● TASK INSTRUCTIONS
An exact copy of the listing is required, with its pictures removed.

──────

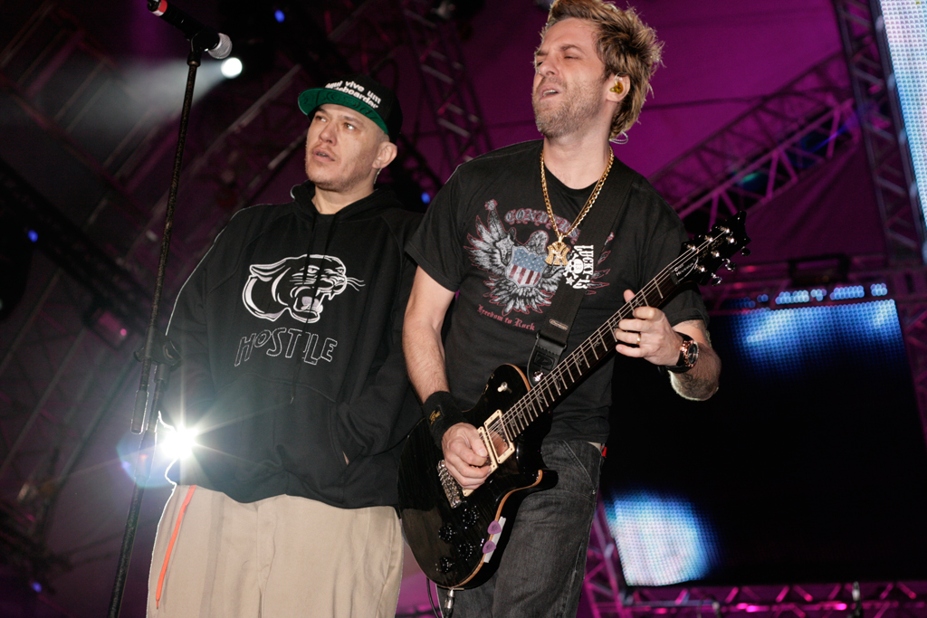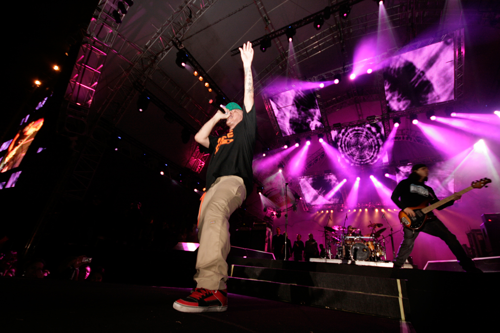 Próximo ao final do show um dos vocalistas da banda falou que o Festival reunia tantos tipos diferentes de música mas que éramos todos iguais, e aí convidou Chorão do Charlie Brown Jr. para participar da festa.
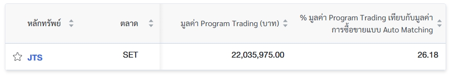 โดย บริษัท จัสมิน เทคโนโลยี โซลูชั่น จำกัด (มหาชน) หรือ JTS มีมูลค่าการซื้อขายผ่าน Program Trading จำนวน 22.03 ล้านบาท คิดเป็น 26.18% ของมูลค่าการซื้อขายแบบ Auto Matching ซึ่งอยู่ที่ 84.17 ล้านบาท
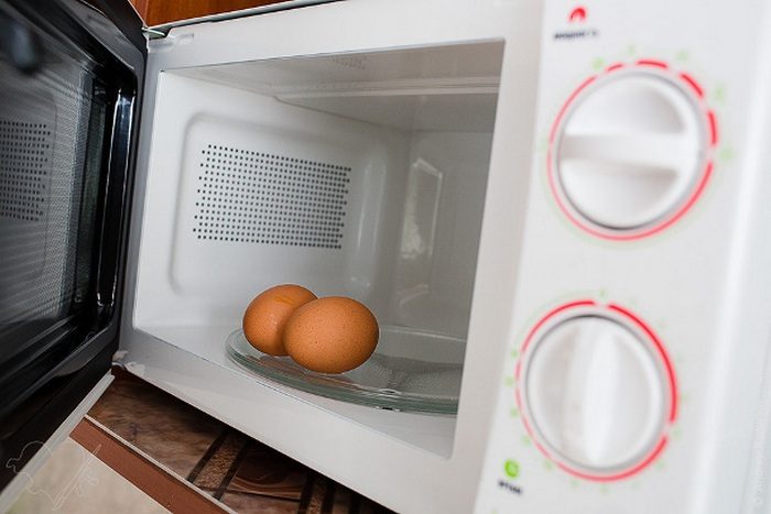 Продукт, который является однозначным табу для микроволновки – это яйца. А ещё сгущёнка. Дело в том, что в микроволновку в принципе нельзя помещать пищу внутри какой-либо оболочку – содержимое от нагрева расширится, а банка или яичная скорлупа – нет. Взрыв неизбежен!
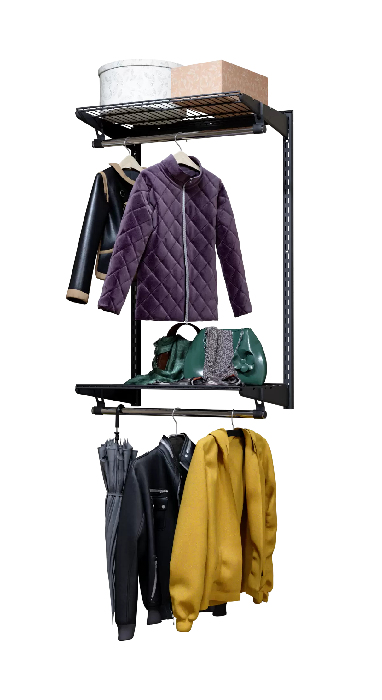 Гардеробные системы Титан GS удобное, функциональное и мобильное решение для хранения вещей в различных помещениях. Система собирается в разных комплектациях, что позволяет подстраивать ее под размеры помещения и ориентироваться на личные пожелания по расположению отдельных элементов.
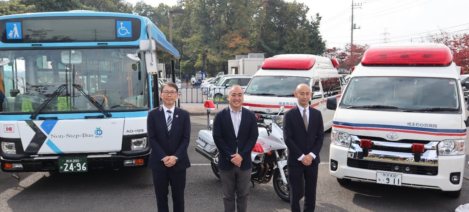 左より:塚田正敏・西武バス社長、小谷野剛・狭山市長、石井耕士・埼玉石心会病院長

──────

● YOUR RESPONSE
 Próximo ao final do show um dos vocalistas da banda falou que o Festival reunia tantos tipos diferentes de música mas que éramos todos iguais, e aí convidou Chorão do Charlie Brown Jr. para participar da festa.
 โดย บริษัท จัสมิน เทคโนโลยี โซลูชั่น จำกัด (มหาชน) หรือ JTS มีมูลค่าการซื้อขายผ่าน Program Trading จำนวน 22.03 ล้านบาท คิดเป็น 26.18% ของมูลค่าการซื้อขายแบบ Auto Matching ซึ่งอยู่ที่ 84.17 ล้านบาท
 Продукт, который является однозначным табу для микроволновки – это яйца. А ещё сгущёнка. Дело в том, что в микроволновку в принципе нельзя помещать пищу внутри какой-либо оболочку – содержимое от нагрева расширится, а банка или яичная скорлупа – нет. Взрыв неизбежен!
 Гардеробные системы Титан GS удобное, функциональное и мобильное решение для хранения вещей в различных помещениях. Система собирается в разных комплектациях, что позволяет подстраивать ее под размеры помещения и ориентироваться на личные пожелания по расположению отдельных элементов.
 左より:塚田正敏・西武バス社長、小谷野剛・狭山市長、石井耕士・埼玉石心会病院長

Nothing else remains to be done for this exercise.